■項目の立て方・並べ方:文書の構成法

▼全文検索は使いにくい

たくさんの項目がある文書の場合、必要な項目をどうやって探したらよいのか、問題になります。文書を作成する側が、最初から使いやすい項目立てをしていればよいのですが、実際には、あまりうまくいっていません。

最近のシステムでは、全文検索ができます。それを使えば、何とかなると考えて導入した会社もあります。「全文検索なら何とかなると安直な考えで導入する会社があって」…などとお話したら、じつはウチも甘い期待をしましてと言われて参ったことがありました。

全文検索を使っても、なぜ必要項目が見つかりにくいのでしょうか。使ってみれば明らかなのです。検索のキーワードをよほど上手に複数選択しない限り、項目がつぎつぎ検索に引っかかってきます。その中から必要情報を見つけるのは、かなり難しいはずです。

大切なのは、項目名だけを検索すればすむようにしておくことです。項目名が大切です。項目名をきちんとつけるとしたら、文書全体の構造も従来のものが最適かどうか、考え直すことになるはずです。使いやすい形式をつくるために、もうひと工夫が必要でしょう。

文書作成をする場合、使う側からの発想で文書を組み立てなくてはいけません。(1) 項目立てのルールを作ること、(2) その項目名のルールを作ること、(3) それを並べる原則を作ること…が求められます。

 

▼ユニット化してニーズに合う項目名をつける

一定以上の大きさの文書を作る場合、文書を構成する一単位を決めましょう。これをユニット化と呼んでいます。紙文書の場合、一単位がA4一枚に収斂してきているように思います。文書の標準化というとき、領域の規格を一定にすることが一番の基本です。

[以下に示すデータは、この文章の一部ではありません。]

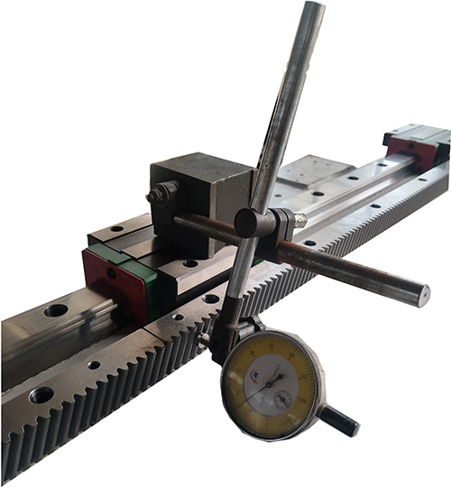 齿条安装时,均采用千分表检测齿条面与导轨的平行度,每台机床做好详细精度检验记录
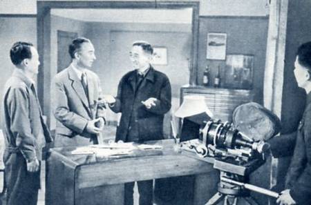 我国第一部彩色宽银幕立体电影故事片“魔术师的奇遇”,正由上海天马电影制片厂拍摄。这部影片通过一个流浪国外的魔术师陆幻奇重返祖国寻子访友的故事,生动地反映出上海社会主义建设的新面貌。这是导演桑弧(右)和饰陆幻奇的演员陈强(中)、陆幻奇儿子的演员韩非,在研究怎样表演他们父子相见不相识的一场。
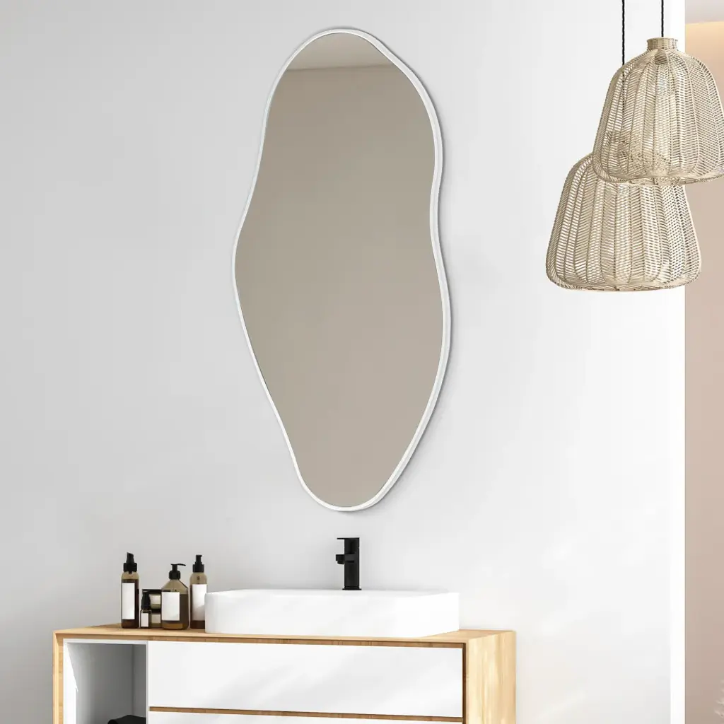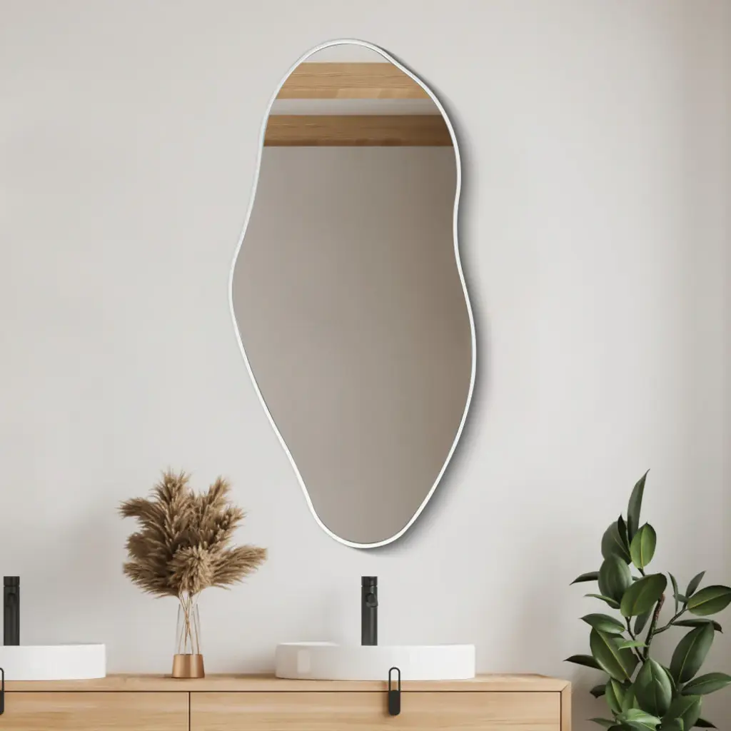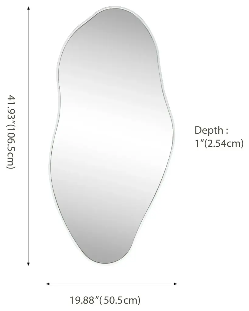 The unique shape of this modern asymmetrical wall mirror adds an Art Deco touch to any space. The soft curves are enhanced by a narrow, sculpted frame. This mirror hangs vertically so it''s ideal for a Livingroom, bedroom or entry area.Features:• Mirrored glass has a minimalist white polypropylene frame• Contemporary wide design provides a broad view that visually expands your space• Add a touch of glam to a bedroom or living room with the sculptured curves of this versatile mirror• Mounting Options: Designed for single-orientation hanging with D-Ring hangers• Hanging device: MDF backboard, 4 triangular hooks• with • Mirror Orientation: Vertical• Body Material: Polypropylene• 41.93 inches high x 19.88 inches wide x 1 inches deepAbout us:You see an ordinary mirror.We see an enhancement to help with making your fashionable statement.A perfectly smooth-edged frame with LED lighting and uniform surface casts a flaring reflection of the subject and surroundings. Our vast mirror catalog includes a variety of designs, shapes and sizes.JONATHAN Y Lighting - a fashion revolution in home decor.

一単位の中にひとまとまりの項目ができたら、それに名前をつけることになります。この項目名が大切です。何が書かれているのか、内容のわかりやすい項目名をつけることが求められます。そのための工夫が必要です。

使われ方を想定して、それに合致する名前をつける必要があります。たとえば困ったときに解決策を探す場合、目的型の項目名(「~したいとき」)になっていると便利です。手続きやタスク名を書くだけでは不十分なことがあります。

こうした発想で項目名をつけようとすると、やや長めの名前になりがちです。それでかまいません。そのとき、文書全体を貫くルールがあると、たんなる思いつきでない項目名になって、よりいっそう探しやすくなります。

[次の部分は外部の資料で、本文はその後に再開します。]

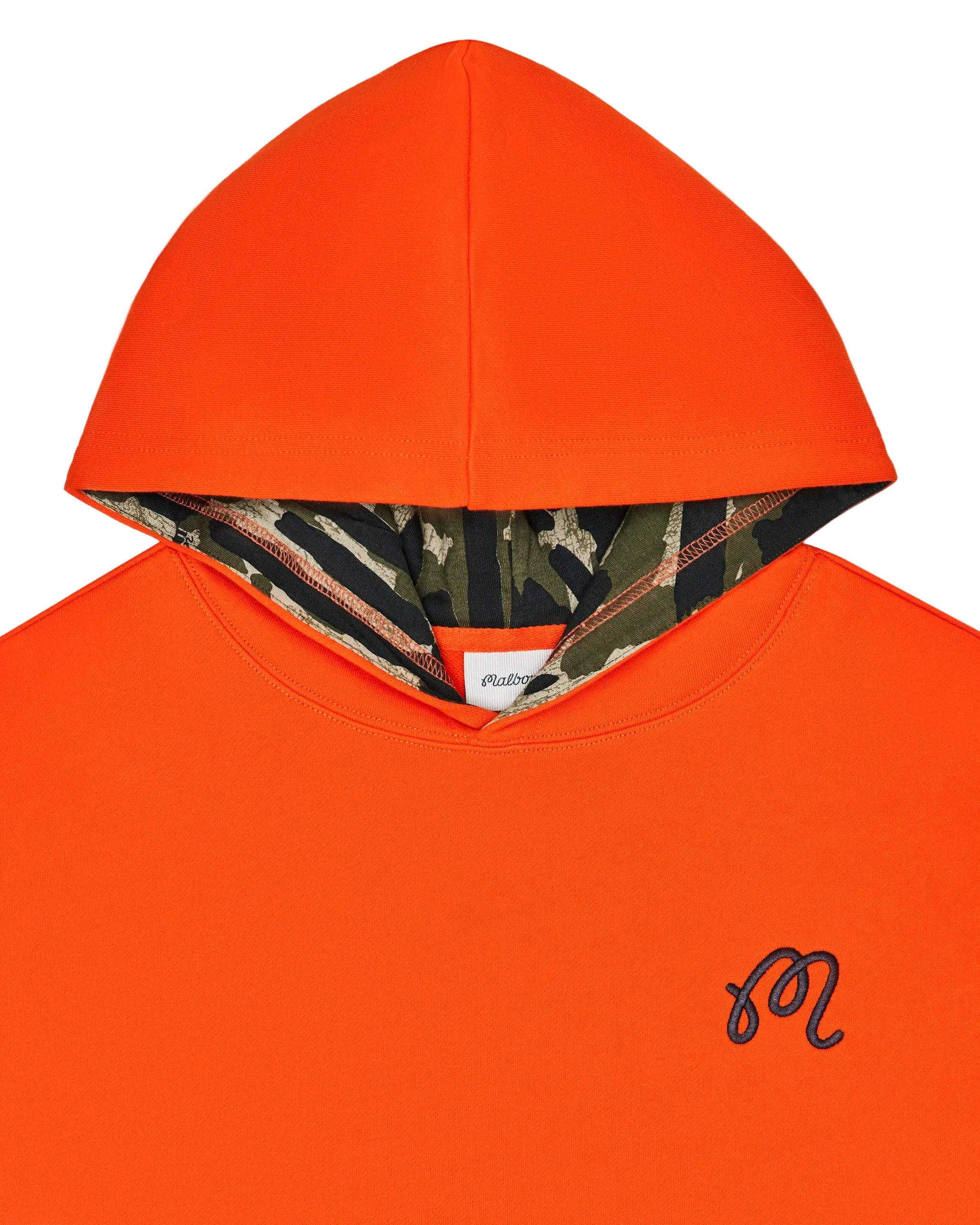 Fesque Tour Divot Camo Hoodie by Malbon combines 100% cotton fleece with a camo-lined hood for versatile comfort. Featuring a relaxed fit, front kangaroo pocket, and ribbed waist and cuffs, it showcases embroidered and printed Malbon branding. An essential piece for casual wear.

項目名だけの検索でしたら、簡単に見つかるはずです。あとは、どうやってこれらを並べるかです。

 

▼階層を浅くする:「存在問題」を重視する

階層を深くすると、構造が複雑になって、必要なものが見つかりにくくなります。大切なことは、自分が探そうと思っているものが、間違いなくここに入っているとわかる明確な分類にすることです。

ここに入っているかどうか判断するときに、細かい分類は不利になります。この中にあると判断できる程度の大枠を示すことが必要になります。人間は、ここにあるという確信があるなら、探してくれます。

探すほうの立場に立つと、この大項目の中に、必要な項目が必ずあると確信できるかどうかがとても大切です。作成者の好みで、細かい分類にしてしまうと、一気に利用率が下がります。そこにあるという、いわゆる「存在問題」が重要です。

どこに入っているかわからなくて、小さな引き出しを何度も出したり引いたりするうちに、探すのをあきらめてしまいがちです。逆に、たくさんのモノが詰め込まれている大きな引き出しであっても、この中に目的のものがあると思えば、探してくれます。

項目名が一覧できて、さらにそれを検索で探せるなら、大きな引き出しの中にたくさんの項目が並んで入っていたとしても、なんら問題ありません。少数の大項目の下に、たくさんの項目が並ぶ形式を作っていくと、自然に、階層は浅くなります。

人間は、たくさんの並列項目の一覧から、必要項目を選び出すのは得意です。群衆の中から友人をすぐに探し出せるでしょう。ただし文書の場合、項目名が工夫されていることが必要です。項目数の多い文書を作るとき、以上が作成手法の共通原則になります。